Go Back   TalkBass Forums > Bass Guitar Forums > Bass Guitar Forums > Luthier's Corner
Register Rules/FAQ/CUP Members List Search Today's Posts Mark Forums Read

Luthier's Corner Discussion on instrument building, repair, and materials.


Supporting Membership
Thank You

Latest Supporting Member
Donate to Upgrade Today

Reply
 
Thread Tools Search this Thread
  #1  
Old 05-17-2011, 04:23 PM
Peg_legs's Avatar
Registered User
 
Join Date: Nov 2005
Location: Huntsville, AL
Supporting Member
broken body

Sign in to disble this ad
My beloved Spector was unfortunately in the way when drunk leprechauns knocked over a stack of PA speakers and split the body all the way through. The two pieces are still together with enough room to squeeze in some tightbond. So here's the question.. should I split it all the way apart so that the glue can cover all surfaces, or leave it together and use a syringe to get the glue in and clamp it? It has a clear finish over curly maple which is cracked and will be removed. my plan is to dye it and some sort of oil finish. thoughts?
Should also mention that the 2 cracks do not connect. pics below



Last edited by Peg_legs : 05-17-2011 at 05:07 PM.
  #2  
Old 05-17-2011, 07:28 PM
gbarcus's Avatar
Registered User
 
Join Date: Jul 2008
Location: Minneapolis & St.Paul, MN
Supporting Member
Quote:
Originally Posted by Peg_legs View Post
Should also mention that the 2 cracks do not connect. pics below
Do they come together if you squeeze it back together with clamps?
Also, don't pull it apart, you'll never get it back together correctly.
__________________
That's bassdacious...
http://facebook.com/barcusbasses
  #3  
Old 05-17-2011, 08:22 PM
Peg_legs's Avatar
Registered User
 
Join Date: Nov 2005
Location: Huntsville, AL
Supporting Member
they come together with a lot of force. I'm really hoping it can be saved
  #4  
Old 05-17-2011, 10:22 PM
gbarcus's Avatar
Registered User
 
Join Date: Jul 2008
Location: Minneapolis & St.Paul, MN
Supporting Member
Personally, I would get as much glue in there as possible, clamp it up and hope for the best.
In my own experience, redoing a factory finish such as this one can be very frustrating. That coating is thick and very hard. You may get halfway into it and start regretting you started.
If I were you, I would fill in the chipped areas with some thick CA glue once it is glued back together. This way if filling in the chipped areas all to pot, then you are no better off than you were with your original plan to pull the finish.
On trick is to take a razor blade and run it at a very low angle to remove the excess CA glue that is protruding from the repaired area.

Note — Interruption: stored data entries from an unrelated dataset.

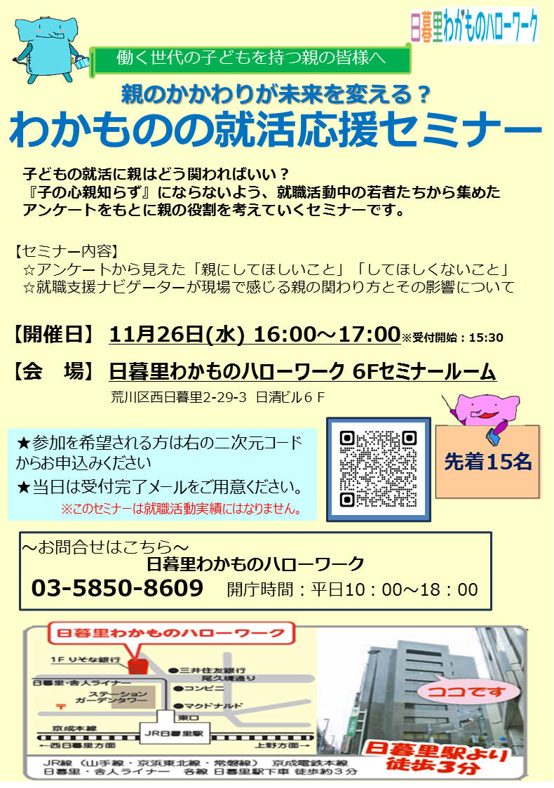 申し込みはこちら➡【働く世代の子どもを持つ親の皆様へ】11/26(水)わかものの就活応援セミナー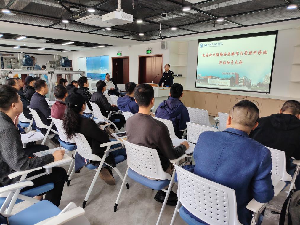 3月24日,福建省首期校企合作全鏈條電池動(dòng)力船舶船員培訓(xùn)班在我校正式開(kāi)班,來(lái)自沿海和內(nèi)河的20名航運(yùn)企業(yè)學(xué)員參加電池動(dòng)力船舶船員基本培訓(xùn)。福州海事局副局長(zhǎng)鄭俊義、福州市水路運(yùn)輸事業(yè)發(fā)展中心副主任林鄭峰蒞臨開(kāi)班動(dòng)員大會(huì)并致辭,航海學(xué)院院長(zhǎng)李翼主持開(kāi)班儀式。本次培訓(xùn)班在福建海事局、福州海事局和福州市水路運(yùn)輸事業(yè)發(fā)展中心指導(dǎo)推動(dòng)下,實(shí)現(xiàn)了我省電池動(dòng)力船舶船員培養(yǎng)從政策框架向標(biāo)準(zhǔn)化落地的標(biāo)志性跨越。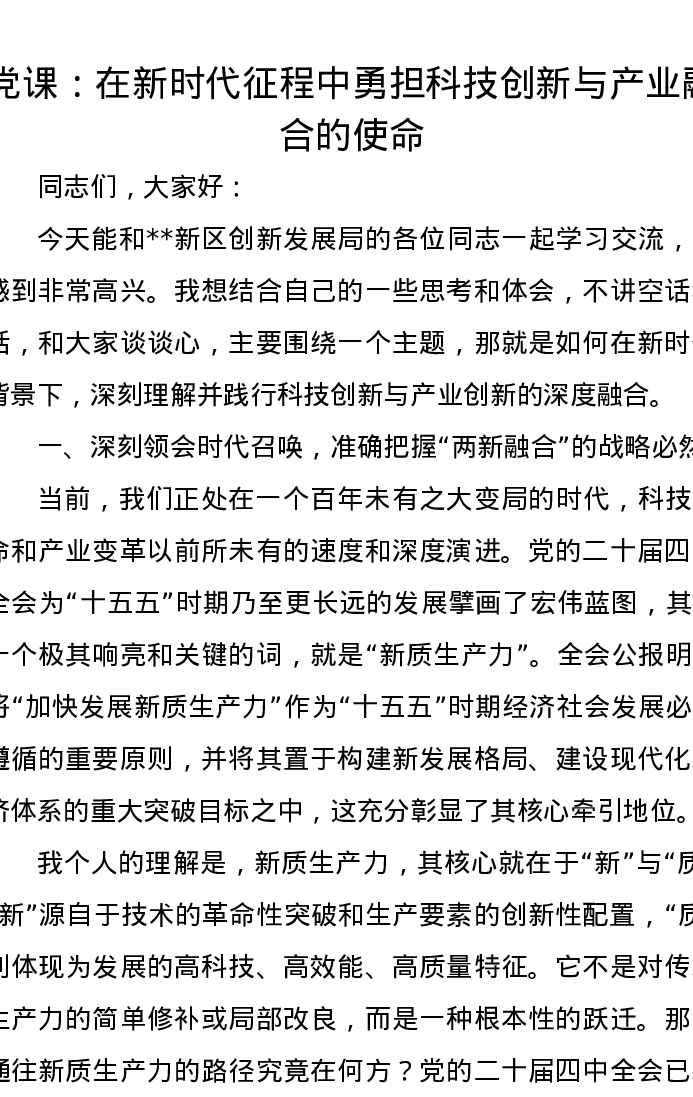 党课:在新时代征程中勇担科技创新与产业融合的使命
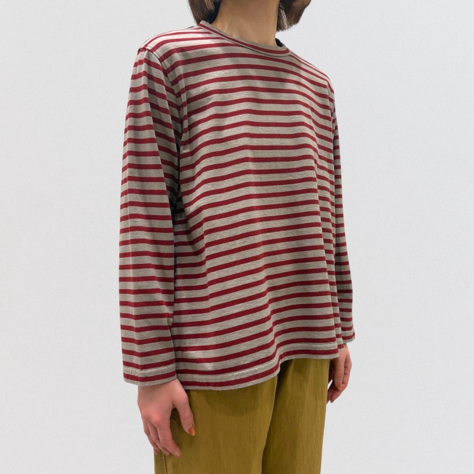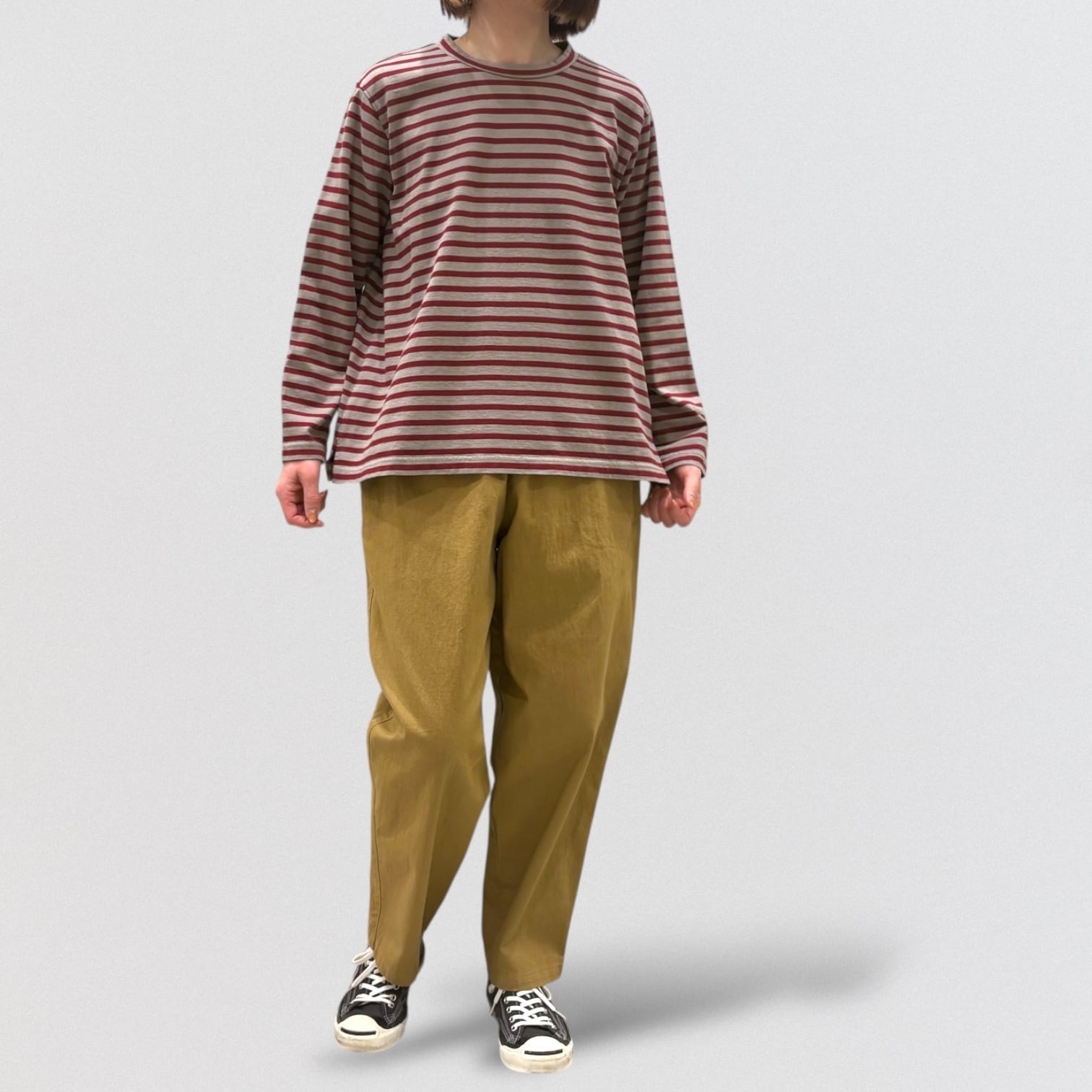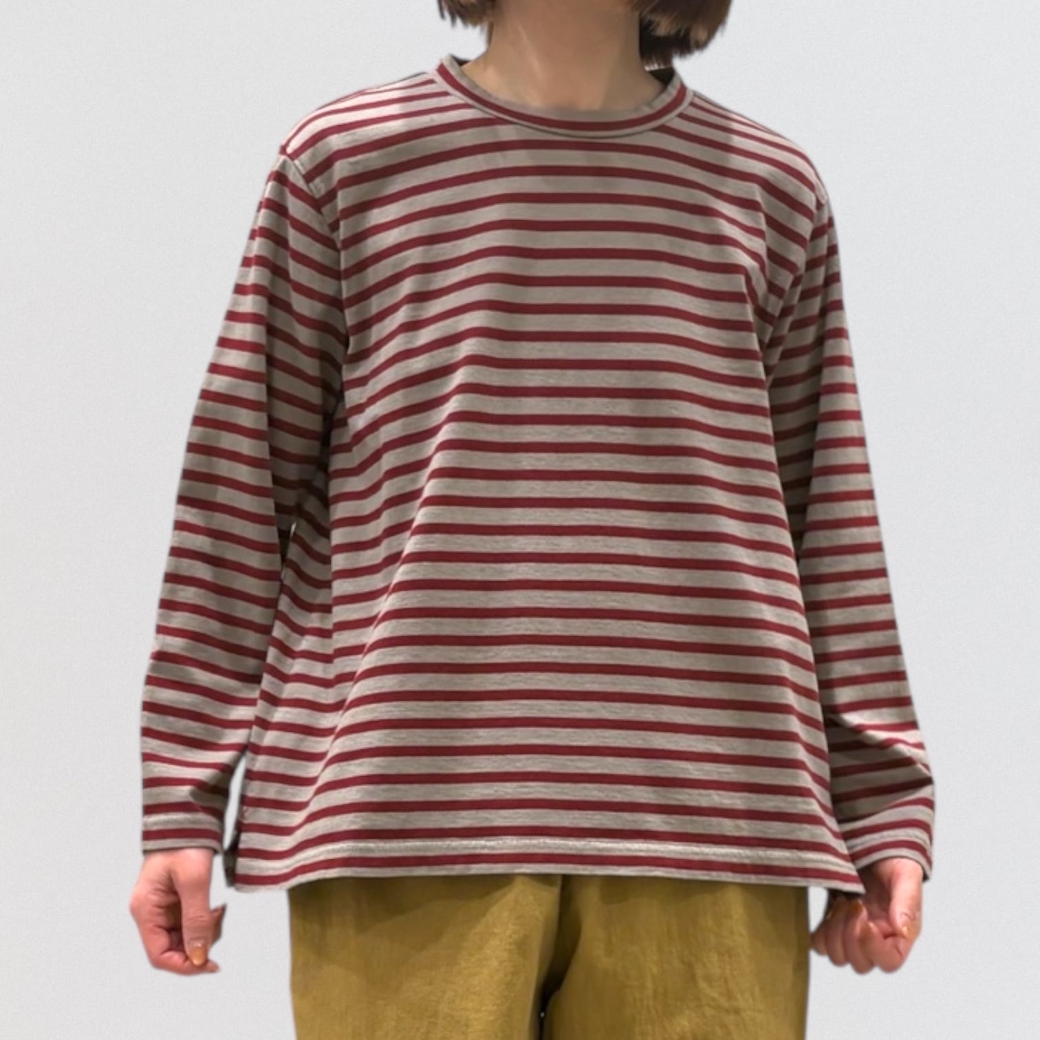 デニムとの相性が良い、深みのあるエンジのボーダー。

Also, don't use an activator, as you could get bubbles in areas where you need to add a lot of CA glue.
__________________
That's bassdacious...
http://facebook.com/barcusbasses
  #5  
Old 05-18-2011, 12:35 PM
Peg_legs's Avatar
Registered User
 
Join Date: Nov 2005
Location: Huntsville, AL
Supporting Member
thanks for the help!
Would you use CA glue or tightbond to glue the body back together? The pictures don't show how bad the finish is. Most of the finish is cracked all around the body. I was planning on dyeing it to hide the breaks as much as possible.
  #6  
Old 05-18-2011, 01:40 PM
gbarcus's Avatar
Registered User
 
Join Date: Jul 2008
Location: Minneapolis & St.Paul, MN
Supporting Member
I would use Titebond to glue it back together. CA glue has a very short open time and could harden before you get a chance to get it all in and clamped.
__________________
That's bassdacious...
http://facebook.com/barcusbasses
  #7  
Old 05-18-2011, 06:48 PM
Peg_legs's Avatar
Registered User
 
Join Date: Nov 2005
Location: Huntsville, AL
Supporting Member
Thank you for taking the time to help me!
It's glued and clamped now
  #8  
Old 05-18-2011, 09:40 PM
Registered User
 
Join Date: Feb 2007
Location: Canadia
Peg, dyeing that body after it's glued will likely only succeed in really emphasizing the repaired cracks. I'd try to repair the finish in your shoes. If it's just a clearcoat, you can scuff sand the whole thing after it's glued and re-clear it with several coats before wetsanding and buffing. Probably will hide it better than a dye or stain job, especially if you were planning on applying the dye/stain directly to the bass.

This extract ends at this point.